Wide Area GPFS File System
|Definition:||CTSS 4 Wide Area File System Capabilities|
|Implementation:||CTSS 4 Wide Area File System Implementation|
The shared filesystem model is unquestionably simplest for most application to adapt to because it has the same interfaces as a local filesystem, which most applications already use. High performance, security, and scalability present interesting engineering and coordination challenges.

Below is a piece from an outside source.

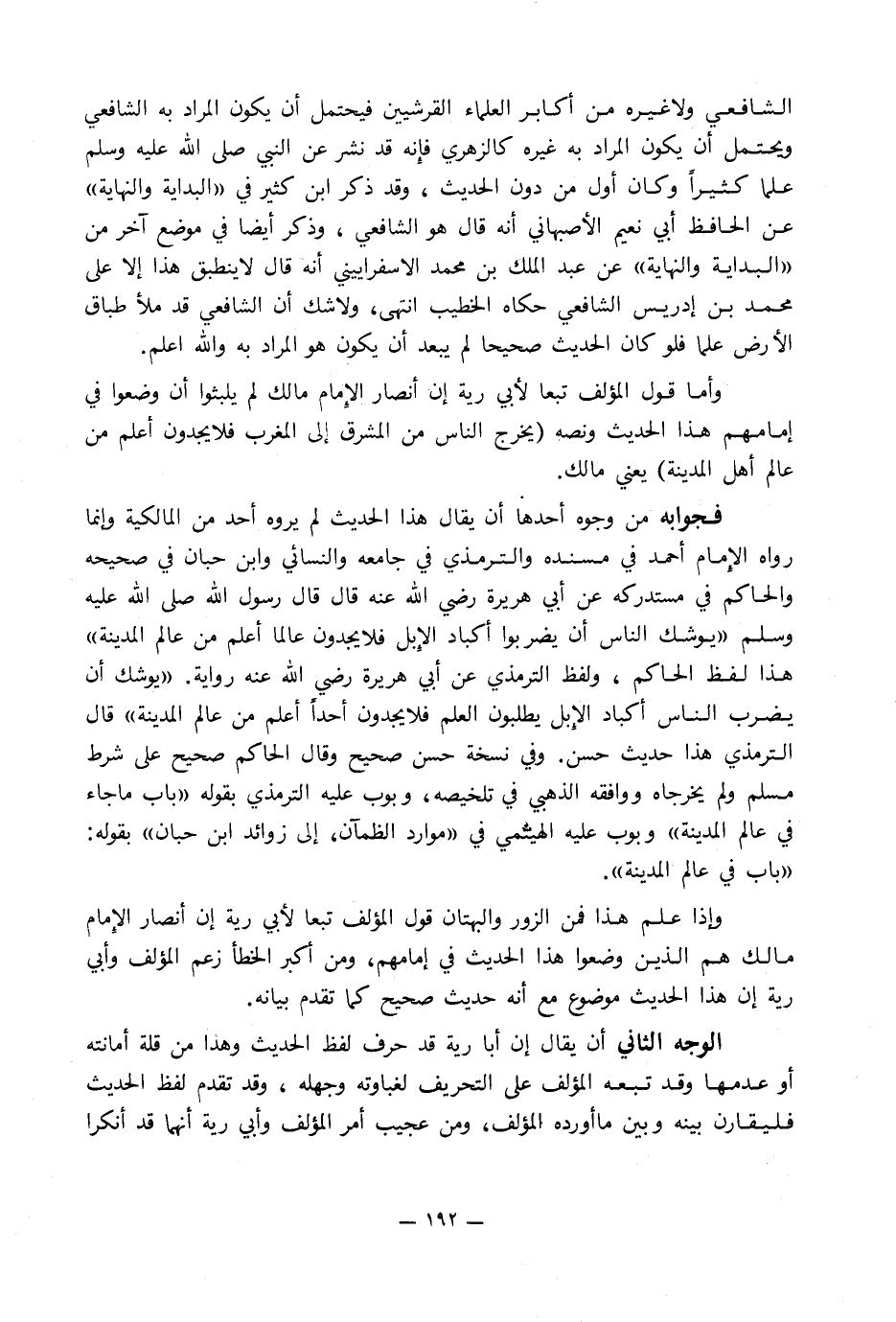 فجوابه من وجوه أحدها أن يقال هذا الحديث لم يروه أحد من المالكية وإنما رواه الإِمام أحمد في مسنده والترمذي في جامعه والنسائي وابن حبان في صحيحه والحاكم في مستدركه عن أبي هريرة رضي الله عنه قال قال رسول الله صلى الله عليه وسلم «يوشك الناس أن يضربوا أكباد الإِبل فلا يجدون عالما أعلم من عالم المدينة» هذا لفظ الحاكم, ولفظ الترمذي عن أبي هريرة رضي الله عنه رواية. «يوشك أن يضرب الناس أكباد الإِبل يطلبون العلم فلا يجدون أحداً أعلم من عالم المدينة» قال الترمذي هذا حديث حسن. وفي نسخة حسن صحيح وقال الحاكم صحيح على شرط مسلم ولم يخرجاه ووافقه الذهبي في تلخيصه, وبوب عليه الترمذي بقوله «باب ما جاء في عالم المدينة» وبوب عليه الهيثمي في «موارد الظمآن» إلى زوائد ابن حبان» بقوله: «باب في عالم المدينة».

- Write and read files with standard I/O, MPI-IO and HDF calls to a high performance, parallel filesystem mounted on multiple TeraGrid resources
Application Development & Runtime Support
|Definition:||CTSS 4 Application Development & Runtime Capabilities|
|Implementation:||CTSS 4 Application Development & Runtime Support Implementation|
- Identify the software tools and application development libraries that are available on a TeraGrid system. (updated in CTSS 4)
- Compile an application written in the C programming language on a TeraGrid system.
- Compile an application written in the FORTRAN programming language on a TeraGrid system.
- Configure the login environment (or job submission environment) to include a particular tool or library, or a particular version of that tool or library. (updated in CTSS 4)
- Run an application script that requires a Globus Toolkit command-line tool.
- Run an application that uses the Storage Resource Broker (SRB) client to store or retrieve data from SRB.
- Run an application script that uses the TGCP command to transfer files between TeraGrid systems.
Science Workflow Support
|Definition:||CTSS 4 Science Workflow Support Capabilities|
|Implementation:||CTSS 4 Science Workflow Support Implementation|
Computational science often involves performing a large number of computational tasks, sometimes with elaborate coordination among those tasks. ("Do X, Y, and Z in parallel, then collect the resulting data and do A and B in sequence, then do...") Automation tools can improve productivity dramatically, and CTSS provides the following capabilities to support automation.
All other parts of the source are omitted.